The previous embodiments may be technically implemented according to following description.
The light source, e.g. LED, on the television will transmit audio channel number (ACN) and the presentation time stamp (PTS). The audio channel number is an example of the identification being mentioned above. The presentation time stamp is obtained from the MPEG (Moving Pictures Expert Group) video stream, and it represents the time at which the frame is displayed on the screen. By utilizing the other information present in MPEG transport stream (MPEG TS), e.g. program clock references (PCR's) and decoding time stamp (DTS's), the television ensures that the frames are displayed at appropriate time, as desired at the decoder.
The audio channel number is utilized to indicate to the server the appropriate audio stream to be streamed to the mobile device. At the server, appropriate MPEG audio transport streams have constructed for each of the television channels being identified by the audio channel number. They may contain all the time stamp information like PCR's, DTS's and PTS's.

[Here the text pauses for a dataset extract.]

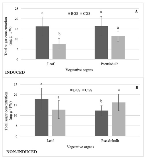 Concentration of total sugars in leaf and pseudobulb of back and current growth structure (BGS, CGS) of Laelia anceps subsp. anceps plants, (A) induced and (B) non-induced to flowering. Bars with different letters + SD indicate significant statistical differences (Tukey, p ≤ 0.05; n = 3).

According to an embodiment, ACN and PTS transmitted from the television (through the light source) is received on the mobile device. The mobile device connects to the server and transmits the ACN and PTS to it. Based on the ACN and PTS, the server starts sending the MPEG audio transport streams, approximately from the point where the video PTS are currently. The audio decoder on the mobile device starts decoding and rendering the audio from the stream obtained. The rendering is done at a higher/lower speed until synchronization is achieved between audio and video PTS. For example, the audio may be behind the video, and so it is decoded and rendered faster, until the audio and video PTS are brought into synchronization.

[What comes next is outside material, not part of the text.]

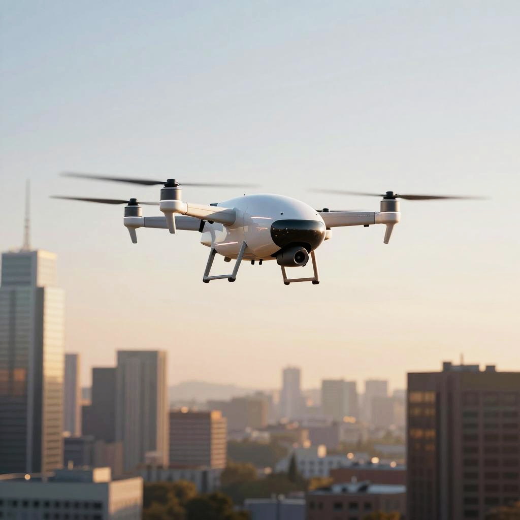 Shipping prompts depicting a minimalist delivery drone flying over city skyscrapers at sunset, sleek design, soft warm tones, futuristic urban environment

Once this synchronization is achieved, the audio can be decoded and rendered independently. The MPEG audio transport stream contains the time stamp information, and therefore the rendering at correct time can be achieved independently from the television, once the initial synchronization is achieved. Therefore, when watching a television on which a news channel is being displayed; if the user looks in another direction or moves around, he can still hear the audio, and when s/he returns to the television, the audio and the video will be in perfect synchronization.

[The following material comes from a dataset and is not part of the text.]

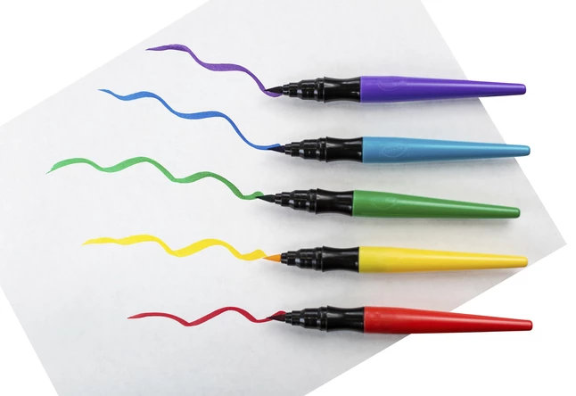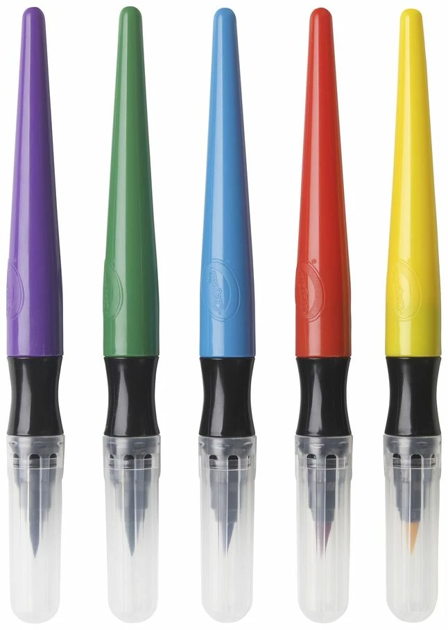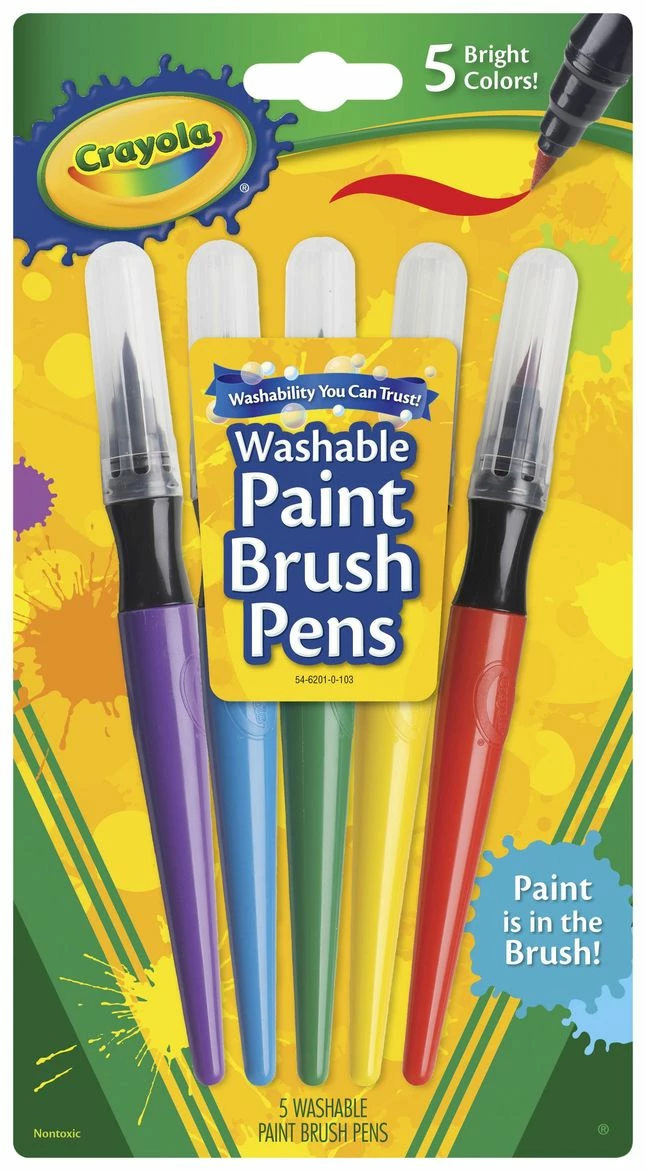 Crayola No Drip Paint Brush Pen Set in assorted bright colors wash easily from skin and almost all clothing. Non-Toxic pen set having 5 pens features a unique design that delivers a smooth flow of paint and requires no squeezing. Sold as 5 per set.

If the user looks at another television:
-
- a) if it is the same audio channel, then based on the PTS being transmitted from the television, the audio is rendered (faster/slower) so that for current television, the audio and video are in synchronization with respect to the presentation time stamp. It is appreciated that two televisions may be transmitting the MPEG stream with a delay.
- b) If it is a different channel, then the mechanism disclosed above (fetching audio by means of identification and timestamp) is performed for this channel. The above disclosed steps are followed until the audio is in synchronization with the video.
According to an embodiment, the invention may be implemented by transmitting audio and/or video data via a real-time transfer protocol (RTP) that may comprise separate time stamps for the audio and video streams. Audio and video encoders may operate on different time bases and therefore an audio time stamp may not be generated at the same time instant as a video time stamp. In such embodiments the time stamp transmitted from the television may comprise either an audio time stamp, a video time stamp, or both. The mobile device may use the audio time stamp directly to synchronize the received audio as described elsewhere in this document. In case of receiving a video time stamp, the mobile device may determine the closest audio timestamp related to the received video time stamp and use the determined audio timestamp for synchronization.
Similar technique can be used for splitting up a single screen. For example a home television screen is divided into multiple sections, and audio being transmitted for each of them through light source, such as LEDs. In such a solution, there may be as many LEDs as there are sections in the screen. People sitting in a television room can listen the audio perfectly based on the part of the television they are looking at.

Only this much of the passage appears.